The joint venture, to be controlled by Ping An, will be based in Shenzhen near Hong Kong, and UOB, Singapore's second-biggest bank by assets, will have the right to appoint some key positions in the new firm, the sources told Reuters.
Ping An, also based in Shenzhen, has begun to hire staff for many areas including marketing, auditing and risk management, for the new firm, part of its preparations to launch the fund venture, said the sources, who asked not to be named because they are not authorized to speak to the media.
"The regulator has given Ping An the nod to prepare for launching the firm. Once completed, it will have to seek a final approval from the regulator again to officially announce the launch of the firm," said one of the sources.

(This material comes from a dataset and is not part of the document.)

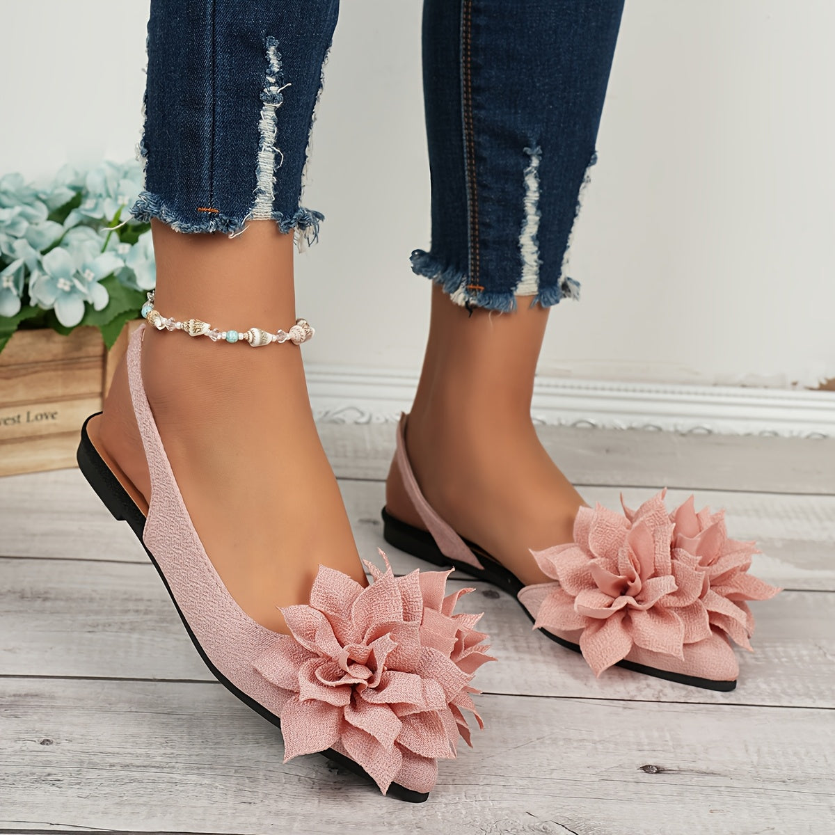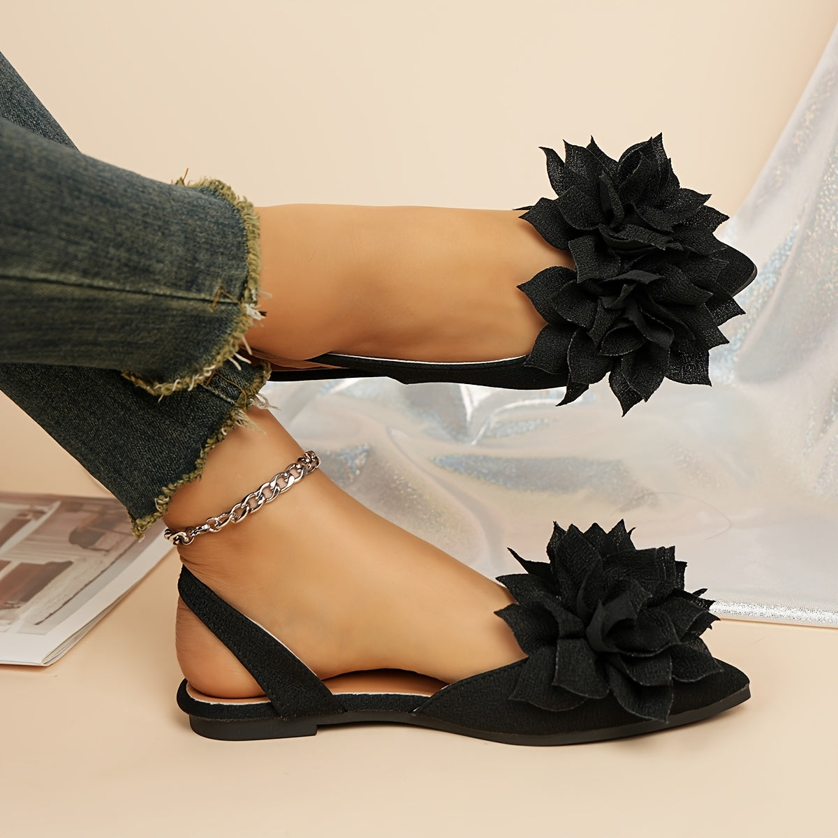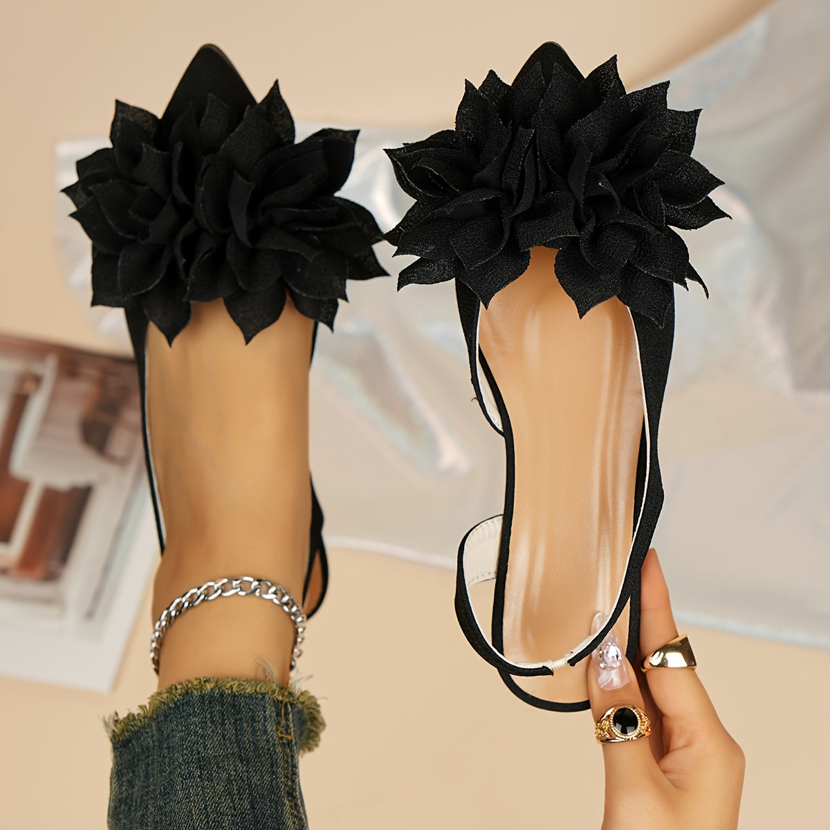 Women's Black Fabric Flat Sandals with Double Flower Embellishment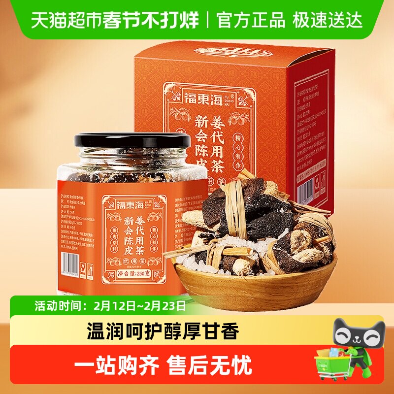 📚 福东海新会陈皮姜代用茶250g瓶广东三宝扎陈皮咸橄榄禾秆草传手工

"But they should have no problem to get final approval as long as they can complete the preparatory work successfully."
The fund venture between Ping An and UOB will target domestic investors and it has no relation to the partnership between Ping An and Fortis, the sources said.
In March, Ping An agreed to pay 2.15 billion euros for half of Fortis' investment management business, which Ping An said would help it to expand into global asset management markets.
Ping An also holds a roughly 5 percent stake in the Dutch-Belgian financial services firm.
Officials at Ping An declined to comment, while a representative for UOB in Singapore was not immediately available for comment.